Task details -
Leaving out the pictures, return word for word the stretch of entries below from the line holding "Основным материалом для" through the line holding "註:上述日期及事項或有更新,將在暨南大學本科生招生辦公室官網公佈。".

--- Information given ---

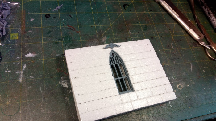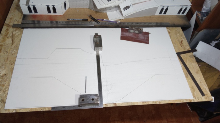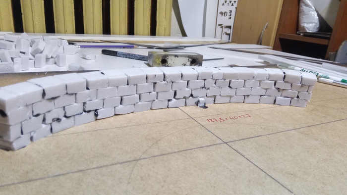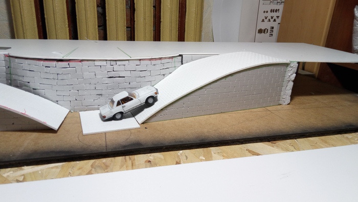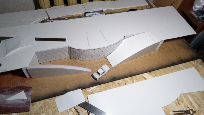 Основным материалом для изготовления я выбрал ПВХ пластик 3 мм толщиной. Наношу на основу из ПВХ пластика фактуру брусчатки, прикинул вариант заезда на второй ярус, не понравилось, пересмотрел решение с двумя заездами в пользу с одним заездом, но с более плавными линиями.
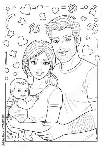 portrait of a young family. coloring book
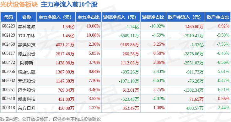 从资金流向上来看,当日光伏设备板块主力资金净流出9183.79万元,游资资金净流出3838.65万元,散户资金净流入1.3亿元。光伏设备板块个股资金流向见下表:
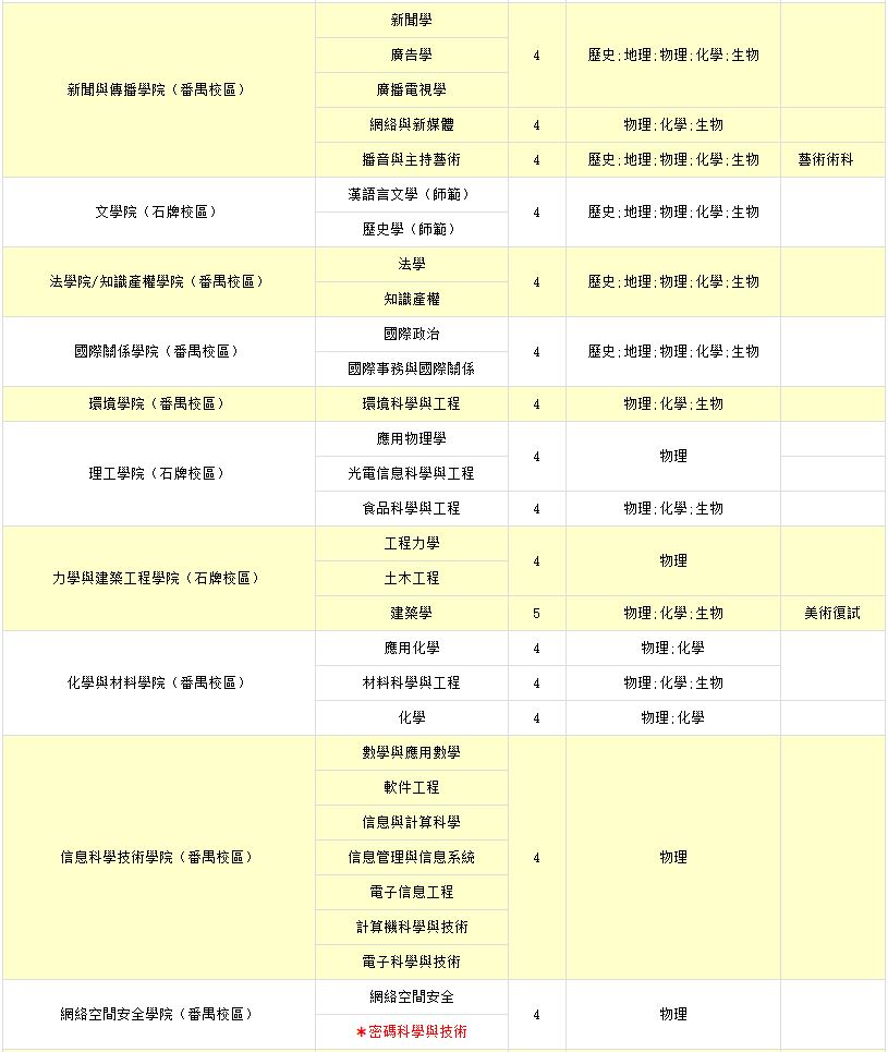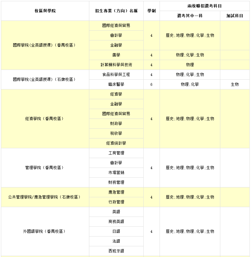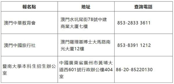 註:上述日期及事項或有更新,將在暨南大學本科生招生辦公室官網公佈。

---
--- Information given ---

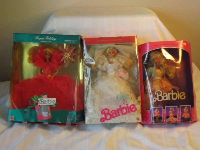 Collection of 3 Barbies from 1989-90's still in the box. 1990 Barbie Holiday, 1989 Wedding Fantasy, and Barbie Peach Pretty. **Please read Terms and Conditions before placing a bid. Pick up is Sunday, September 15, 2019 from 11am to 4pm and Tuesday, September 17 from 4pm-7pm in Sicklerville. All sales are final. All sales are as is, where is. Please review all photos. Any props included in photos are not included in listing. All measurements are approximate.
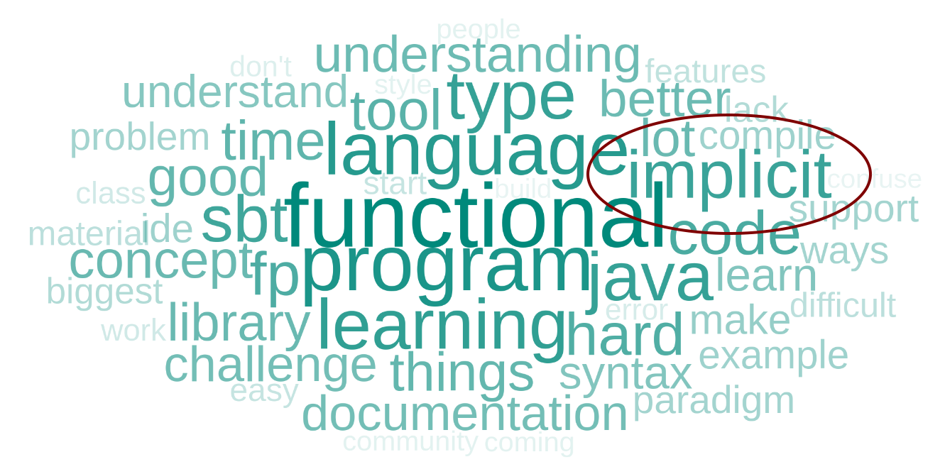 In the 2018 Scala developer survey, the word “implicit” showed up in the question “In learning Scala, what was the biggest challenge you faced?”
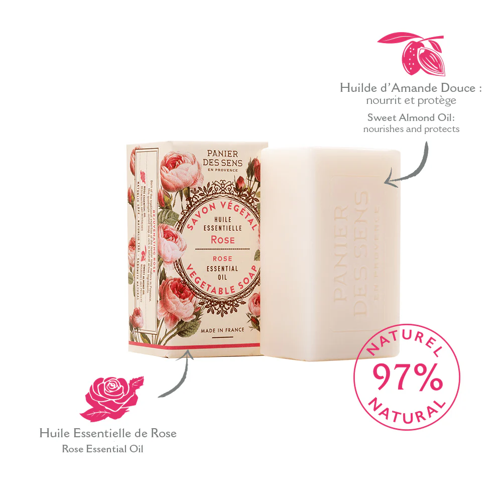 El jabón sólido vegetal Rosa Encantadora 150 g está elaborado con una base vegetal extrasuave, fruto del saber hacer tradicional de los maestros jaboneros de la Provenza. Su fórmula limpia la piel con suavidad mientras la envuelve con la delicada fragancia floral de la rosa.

---

Response to the task -
 Основным материалом для изготовления я выбрал ПВХ пластик 3 мм толщиной. Наношу на основу из ПВХ пластика фактуру брусчатки, прикинул вариант заезда на второй ярус, не понравилось, пересмотрел решение с двумя заездами в пользу с одним заездом, но с более плавными линиями.
 portrait of a young family. coloring book
 从资金流向上来看,当日光伏设备板块主力资金净流出9183.79万元,游资资金净流出3838.65万元,散户资金净流入1.3亿元。光伏设备板块个股资金流向见下表:
 註:上述日期及事項或有更新,將在暨南大學本科生招生辦公室官網公佈。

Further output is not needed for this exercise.